Source data:
- - - - -

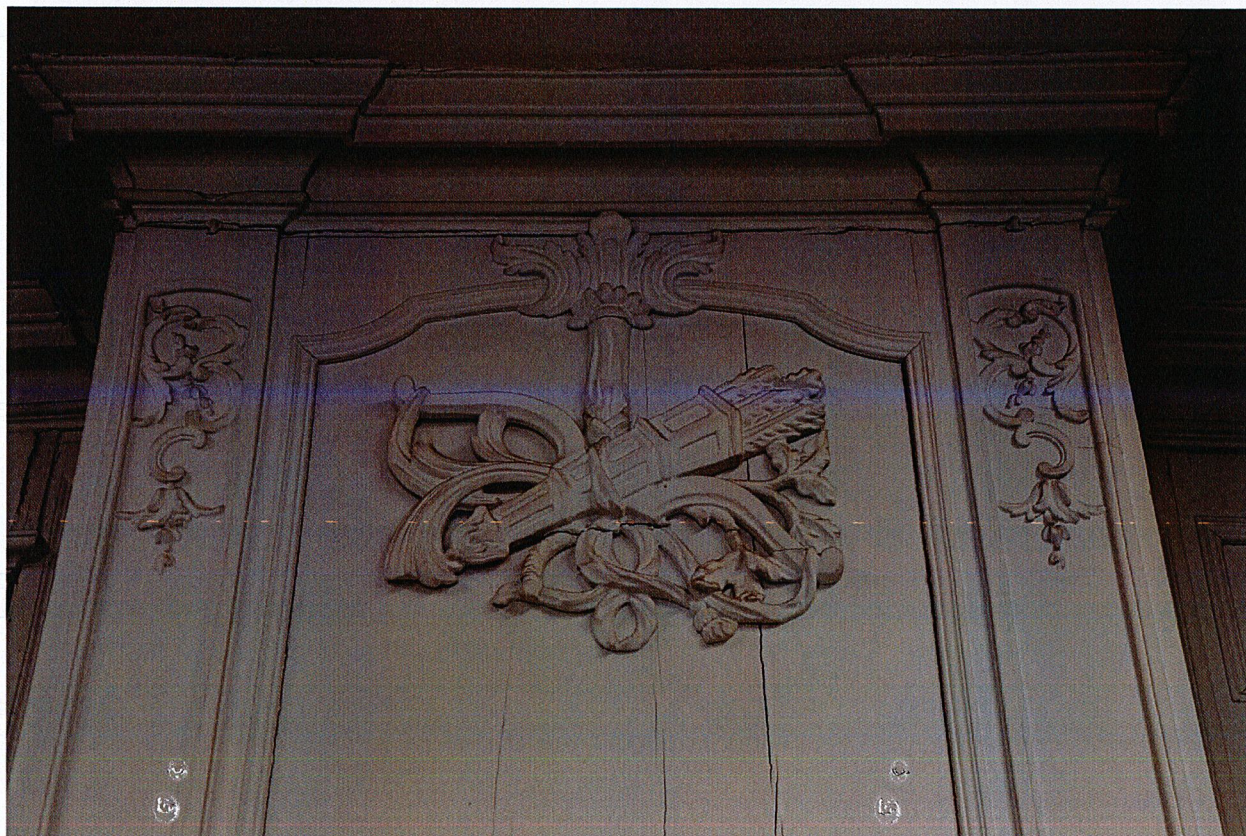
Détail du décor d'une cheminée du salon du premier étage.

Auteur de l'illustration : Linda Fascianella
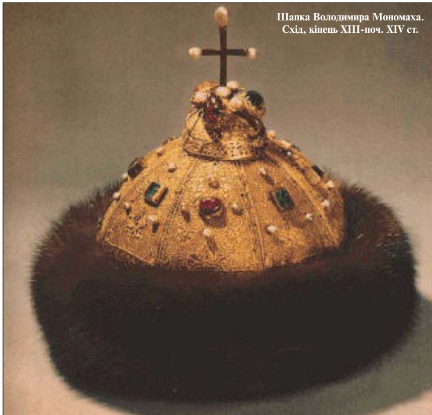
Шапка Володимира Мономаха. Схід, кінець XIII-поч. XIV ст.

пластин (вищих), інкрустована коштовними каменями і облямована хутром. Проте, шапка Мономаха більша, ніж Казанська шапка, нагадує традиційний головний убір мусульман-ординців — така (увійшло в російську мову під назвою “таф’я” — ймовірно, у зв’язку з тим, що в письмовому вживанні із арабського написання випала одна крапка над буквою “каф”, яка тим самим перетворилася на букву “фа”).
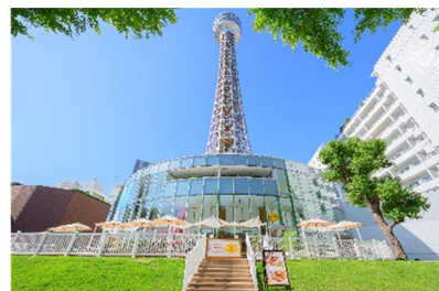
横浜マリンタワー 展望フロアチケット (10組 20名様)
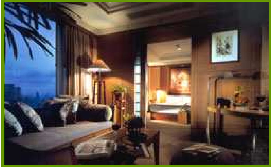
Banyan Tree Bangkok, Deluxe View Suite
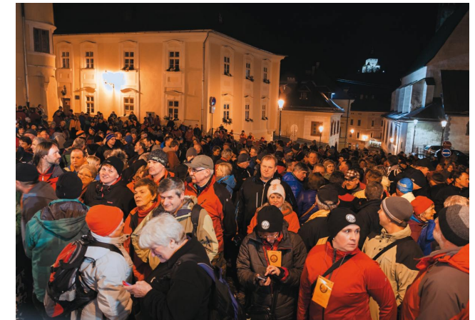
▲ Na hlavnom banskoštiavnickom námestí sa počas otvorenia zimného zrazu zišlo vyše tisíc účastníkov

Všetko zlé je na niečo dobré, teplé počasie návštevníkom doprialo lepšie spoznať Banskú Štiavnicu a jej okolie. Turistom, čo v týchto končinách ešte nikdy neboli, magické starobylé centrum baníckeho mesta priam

- - - - -

WHAT NEEDS TO BE DONE
Collect every line above that contains the word "Мономаха".

SOLUTION
Шапка Володимира Мономаха. Схід, кінець XIII-поч. XIV ст.
пластин (вищих), інкрустована коштовними каменями і облямована хутром. Проте, шапка Мономаха більша, ніж Казанська шапка, нагадує традиційний головний убір мусульман-ординців — така (увійшло в російську мову під назвою “таф’я” — ймовірно, у зв’язку з тим, що в письмовому вживанні із арабського написання випала одна крапка над буквою “каф”, яка тим самим перетворилася на букву “фа”).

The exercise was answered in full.